Теперь о самом процессе ДО и ПОСЛЕ. Моя тетя сделала ей классную полудлинную стрижку-постепенку, в восьмидесятые модники называли ее «итальянка», перышками осветлила прядки, плюс лёгкая химия. Все эти манипуляции парикмахерского искусства сотворили настоящее чудо! Две жиденькие косички до пояса, сплетенные из жирных тонких волосиков, превратились с светлую пушистую гриву до плеч. Круглое личико вытянулось, а щеки волшебным образом превратились в скулы. Я всегда говорю, что стилист-парикмахер – это маг! Нашли своего мастера – счастливчик! Берегите! Как умные люди говорят, проще изменить мужу, чем парикмахеру – не так заметно.

За мои старания мама пошла навстречу. Прониклась ситуацией, отвела девушку к своей косметичке и сшила обалденной красоты наимоднейший, по тем временам, сарафан. Этот ситцевый шедевр закрыл травмированную коленку с огромным выпуклым шрамом, а верх на бретельках открыл взору пышную, как у многих толстушек, грудь.

Когда на примерке соседка увидела себя в зеркале, она, мне кажется, не поняла, кто это. Видимо, в тот момент я поймала этот вечный кайф стилиста. Потом был макияж в моем исполнении и первая в ее жизни городская дискотека в Межапарке.

Это место назвали Плац, и, по-моему, летом весь город там тусовался.

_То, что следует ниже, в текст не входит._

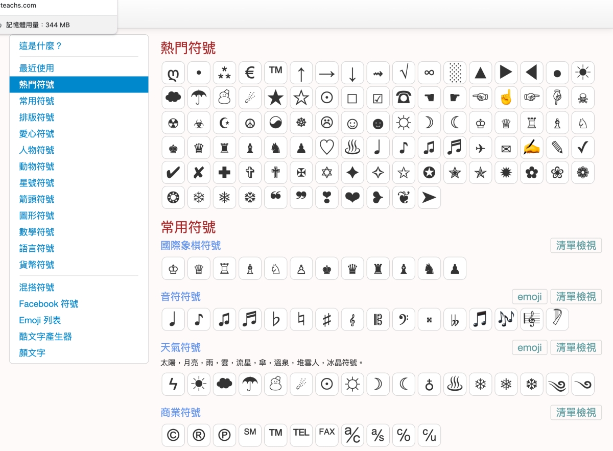 網站:https://tw.piliapp.com/symbol/進入網站後,左側有各種分類,右邊則是符號全列表,直接點擊想要使用的符號。
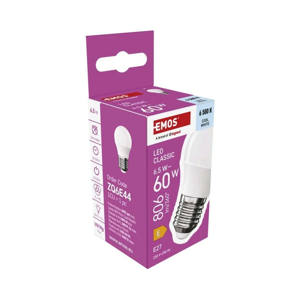 Lampadina LED Sfera E27 6.5W (60W) 6500K 806lm Luce Fredda | Emos ZQ6E44
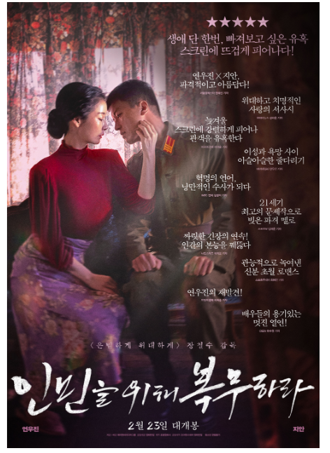 영화 <인민을 위해 복무하라>는 2022년 2월 23일에 개봉했습니다. 북한으로 추정되는 공간에서 사단장의 부인과 병사가 만나게 되면서 벌어지는 치정극 입니다. 청소년 관람불가 등급을 받은 만큼 노출 수위가 높은 장면들이 빈번하게 연출됩니다.
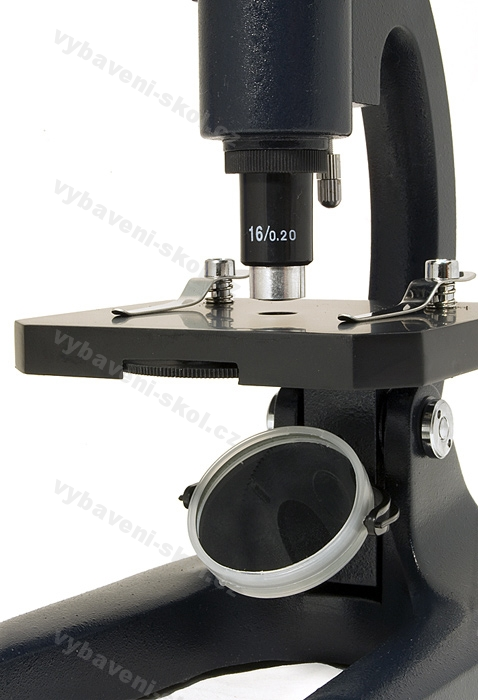 Zvětšení 200x. Umožňuje pozorování transparentních vzorků v jasném zorném poli. Plankonkávní zrcátko o průměru 40 mm. Achromatický objektiv o zvětšení 16x. Pracovní stolek o rozměrech 100x90 mm.

Я как девочка спортивная танцевала довольно секси и научила паре композиций свою новую подружку. Девочки танцевали в кругу, парни, подпирая стенку, выбирали свою симпатию для медляка. И да, для моей преображенной соседки во время медленного танца настал звёздный час. Ну, пусть не час, но пара минут славы точно.

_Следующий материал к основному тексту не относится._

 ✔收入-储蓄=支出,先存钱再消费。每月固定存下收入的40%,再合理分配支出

Довольно симпатичный высокий взрослый парень уверенной походочкой моряка подошёл к ней, взял за руку, по-хозяйски обнял за талию и закружил в танце. Закружил – громко, конечно, сказано, просто оба традиционно стояли посреди плаца и в обнимку переваливались с ноги на ногу. Морячок даже подстраивался под хромоту партнерши. Они о чём-то мило болтали. Она ему явно нравилась! Морячок был немного пьян и рассказал, что только вернулся из пологудового рейса без «женщины на корабле. Парень не отходил от моей приятельницы весь вечер, потом на моторе отвёз нас в Пурчик. Я пошла домой, а сладкая парочка страстно целовалась в такси и расставаться точно не собиралась.

Рано утром затрезвонил телефон. Звонила соседка, ей срочно нужно было мне что-то рассказать про прошедшую ночь. И это что-то было таким важным и невероятным для наших шестнадцати, что я, поняв намек, в восемь утра потащилась к ней домой. Срочно придумала какую-то вескую причину для родителей, которые ещё не ушли на работу и с удивлением смотрели на меня, раньше одиннадцати обычно вообще глаза не открывавшую, хоть из пушки стреляй. А тут такая прыть, да на каникулах.

Я спустилась на этаж ниже. Приятельница ждала меня в дверях, дома она была одна, родители жили летом на даче, что позволяло ей безнаказанно курить в квартире. Мы пошли на кухню, что-то изменилось в ней, я чувствовала это кожей. Но, честно говоря, не ожидала услышать такого откровения на тему продолжения вчерашнего, первого, подчеркиваю, в ее жизни медляка…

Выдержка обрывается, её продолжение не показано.